START Supplied material

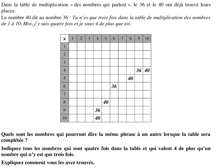 Indiquer les nombres qui figurent 4 fois dans la table de multiplication 10 x 10 et qui valent 4 de plus qu'un nombre qui y figure 3 fois.
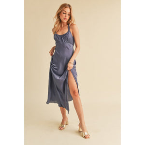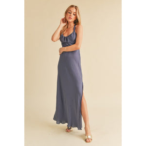 Aemi + Co Ruched Side Slit Cutout Back Maxi Cami Dress
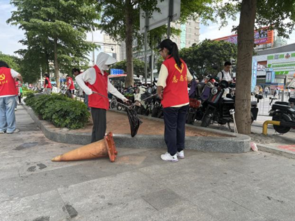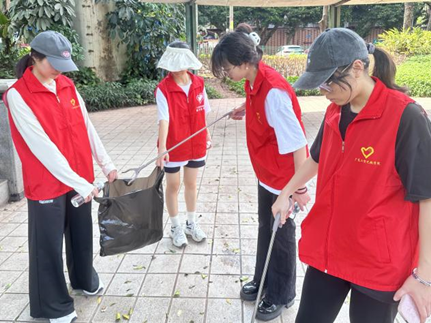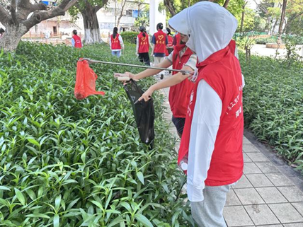 活动分三个小组,每组由一名同学带领,分别沿不同的路线进行清扫工作。第一组由丘苑青同学带领,主要负责学校正对面的绿化带清洁;第二组由威鸿允同学带领,负责清扫芳村大道西竹竿路旁的绿化区;第三组则由社区负责人带领,清扫鹅潭湾周边的绿化带。在清扫过程中,同学们充分发挥了团队协作精神,不怕脏、不怕累,用实际行动为社区的环境改善贡献了自己的力量。经过大家的共同努力,原本脏乱的绿化带和道路变得干净整洁。
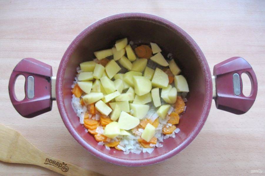 Картофель очистите, помойте и нарежьте не очень крупно. Добавьте в кастрюлю. Налейте 150 мл. воды. Накройте кастрюлю крышкой и тушите картофель с луком и морковью 10- 12 минут.
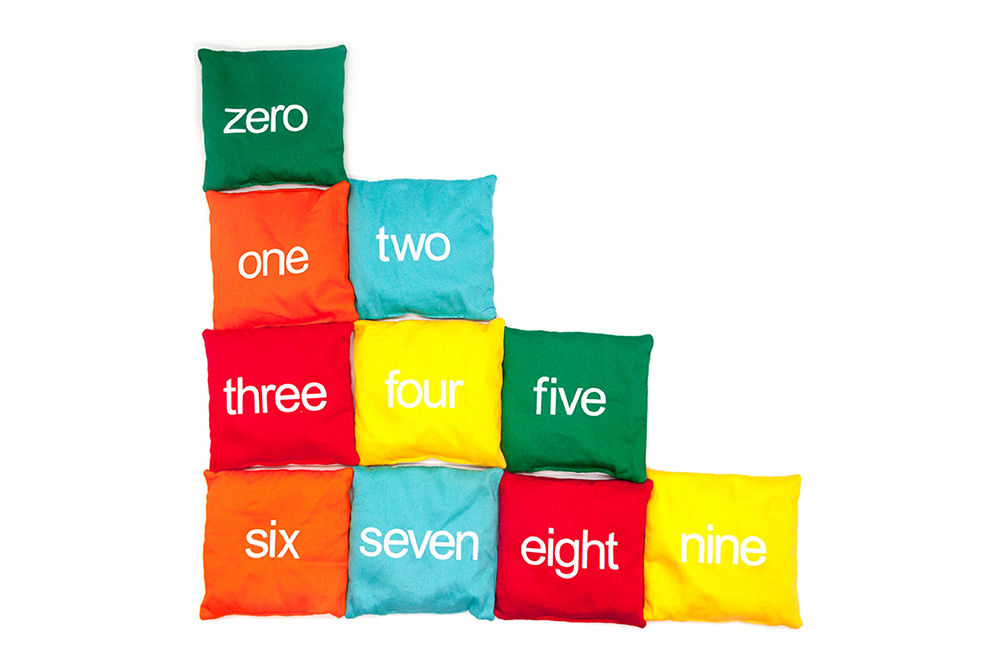 沙包顏色豐富明亮,且對應的數字0-9,讓幼兒邊運動,邊認識數字與顏色。

END Supplied material

### [Work to complete]
Nothing but the lines from the one containing "Aemi + Co Ruched" through the last line of the data should appear in the answer, copied exactly, with pictures excluded.

### [Written answer]
 Aemi + Co Ruched Side Slit Cutout Back Maxi Cami Dress
 活动分三个小组,每组由一名同学带领,分别沿不同的路线进行清扫工作。第一组由丘苑青同学带领,主要负责学校正对面的绿化带清洁;第二组由威鸿允同学带领,负责清扫芳村大道西竹竿路旁的绿化区;第三组则由社区负责人带领,清扫鹅潭湾周边的绿化带。在清扫过程中,同学们充分发挥了团队协作精神,不怕脏、不怕累,用实际行动为社区的环境改善贡献了自己的力量。经过大家的共同努力,原本脏乱的绿化带和道路变得干净整洁。
 Картофель очистите, помойте и нарежьте не очень крупно. Добавьте в кастрюлю. Налейте 150 мл. воды. Накройте кастрюлю крышкой и тушите картофель с луком и морковью 10- 12 минут.
 沙包顏色豐富明亮,且對應的數字0-9,讓幼兒邊運動,邊認識數字與顏色。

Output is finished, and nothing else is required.